OBJECTIVETo study the role of dendritic cells (DCs) in initiating delayed-type hypersensitivity (DTH) to fluorescein isothiocyanate (FITC) after trauma-hemorrhage in mice.

METHODSInbred BALB/c mice (6-8 weeks old, male) were epicutaneously sensitized with FITC 12 hours, 1 day, 2 days, 4 days and 7 days after closed bilateral femur fractures combined with hemorrhage. And 5 days after sensitization, DTH was evaluated by ear swelling after a challenge of FITC. Draining lymph node cells were examined for the percentages of FITC-positive cells, cluster of differentiation (CD)11c-positive cells and major histocompatibility complex II (MHC II)-positive cells by means of flow cytometry. In vitro proliferative responses of syngeneic lymphocytes and in vivo passive transfer of DTH to naive recipients induced by isolated DCs from the draining lymph nodes were determined.

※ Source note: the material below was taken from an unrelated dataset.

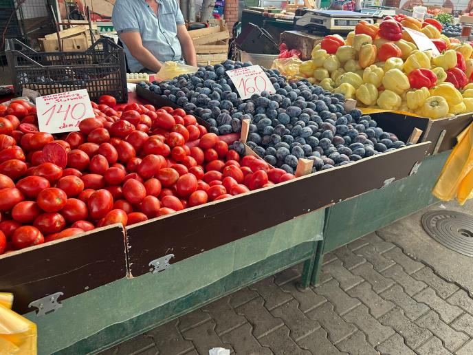 Na tezgama ima i voća i povrća za domaćice koje se odluče da prave zimnicu. Domaći paradajz sorte “šljivar” košta oko 140 dinara po kilogramu, babure su na akciji i za kilu istih potrebno je da izdvojite 130 dinara. Šljive, prave domaće prema rečima prodavca prodaju se 160 dinara za kilogram.

RESULTSThe time of DTH to FITC decreased more significantly in the mice with trauma-hemorrhage (12 hours to 4 days) than in the mice with sham injury. After sensitization, the relative percentages of FITC+ cells, FITC+/CD11c+ cells and FITC+/CD11c+/MHC II+ cells from the draining lymph nodes were all significantly reduced following injury. And the capacity of DCs from the draining lymph nodes in stimulating proliferative responses of lymphocytes and transferring DTH to naive recipients were also inhibited after injury.

CONCLUSIONSTrauma-hemorrhage induces repressive DTH in mice, which may be attributed, at least partially, to the reduced trafficking of DCs into the draining lymph nodes and insufficient maturation during DC migration.